🤖 AI Summary
In online probabilistic forecasting, traditional asymptotically calibrated algorithms suffer from the curse of dimensionality, requiring exponential time—exp(d)—to achieve nontrivial calibration in d dimensions.
Method: We propose the first polynomial-time ε-calibration algorithm, resolving a long-standing open problem posed by Abernethy & Mannor (2011) and Hazan & Kakade (2012). Our approach leverages recent advances in swap regret minimization, employing a randomized switching strategy among sub-predictors, each outputting a distribution based on empirical frequencies over a sliding time window.

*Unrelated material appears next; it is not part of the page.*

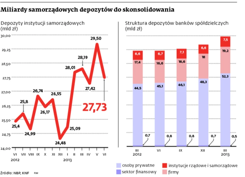 Nawet jeśli samorządy potraktują konta w BGK jako dodatkowe rachunki i nie przeniosą się do państwowego banku, to i tak z banków komercyjnych może odpłynąć ponad 10 mld zł. Tyle wynosiła wartość lokat na koniec ub.r. w instytucjach, które nowa ustawa zobowiązuje do lokowania środków na depozycie resortu. Projekt wymienia m.in. państwowe instytucje kultury, uczelnie publiczne, samodzielne publiczne zakłady opieki zdrowotnej czy PAN. Konsolidacji będą podlegały też depozyty sądowe (2,6 mld zł na koniec 2012 r.), które sądy przyjmują od stron postępowań, np. z tytułu wpłacanego wadium.

Contribution/Results: The algorithm achieves ε-calibration within T = d^{O(1/ε²)} rounds; we further establish a matching lower bound of d^{Ω(log(1/ε))}, proving tightness and theoretical optimality. The method is simple, computationally efficient, and fully resolves the computational feasibility bottleneck for high-dimensional online calibration.
📝 Abstract
In online (sequential) calibration, a forecaster predicts probability distributions over a finite outcome space $[d]$ over a sequence of $T$ days, with the goal of being calibrated. While asymptotically calibrated strategies are known to exist, they suffer from the curse of dimensionality: the best known algorithms require $exp(d)$ days to achieve non-trivial calibration. In this work, we present the first asymptotically calibrated strategy that guarantees non-trivial calibration after a polynomial number of rounds. Specifically, for any desired accuracy $epsilon>0$, our forecaster becomes $epsilon$-calibrated after $T = d^{O(1/epsilon^2)}$ days. We complement this result with a lower bound, proving that at least $T = d^{Omega(log(1/epsilon))}$ rounds are necessary to achieve $epsilon$-calibration. Our results resolve the open questions posed by [Abernethy-Mannor'11, Hazan-Kakade'12]. Our algorithm is inspired by recent breakthroughs in swap regret minimization [Peng-Rubinstein'24, Dagan et al.'24]. Despite its strong theoretical guarantees, the approach is remarkably simple and intuitive: it randomly selects among a set of sub-forecasters, each of which predicts the empirical outcome frequency over recent time windows.